To dobrze, że feministki chcą sprawdzić, jak instytucje kościelne realizują programy równościowe. Dzięki temu ujawnią, jak "równość płci" rozumieją środowiska promujące gender
To dobrze, że feministki chcą sprawdzić, w jaki sposób instytucje kościelne realizują programy równościowe. Dzięki temu łatwiej będzie zweryfikować, co pod pojęciem „równości płci” rozumieją te środowiska, które promują ideologię gender.

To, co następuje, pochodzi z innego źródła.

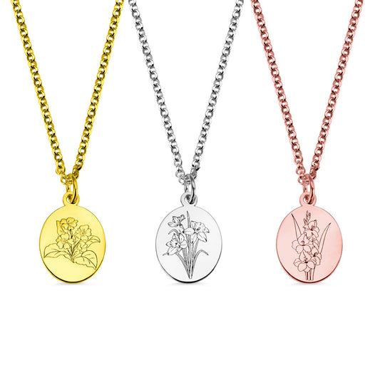 Personalized Birth Flower Name Necklace, Custom Floral Necklace for her

Przedstawicielki Fundacji Feminoteka dziwią się temu, że instytucje związane z Kościołem katolickim realizują programy równościowe i że w tym celu korzystają między innymi z funduszy Unii Europejskiej. Postulują przy tej okazji, by Najwyższa Izba Kontroli sprawdziła, czy dotacje zostały wydane przez instytucje kościelne zgodnie z zaleceniami Unii Europejskiej. Wanda Nowicka potwierdziła, że parlamentarzyści złożą wniosek do NIK o skontrolowanie tych wydatków. Feministki sprawiają wrażenie, jakby nigdy nie słyszały o tym, że Kościół katolicki od początku swego istnienia głosi prawdę o jednakowej godności i całkowitej równości kobiet i mężczyzn. Sprawiają też wrażenie, jakby nie wiedziały, jak wielkiej promocji kobiety dokonało chrześcijaństwo w stosunku chociażby do islamu czy do judaizmu. Islam pozwala na to, by mężczyzna miał kilka kobiet i by ojciec zabił córkę, jeśli ta wiąże się z mężczyzną, który nie jest muzułmaninem. W judaizmie do naszych czasów kobiety nie mogą wchodzić do świątyni razem z mężczyznami.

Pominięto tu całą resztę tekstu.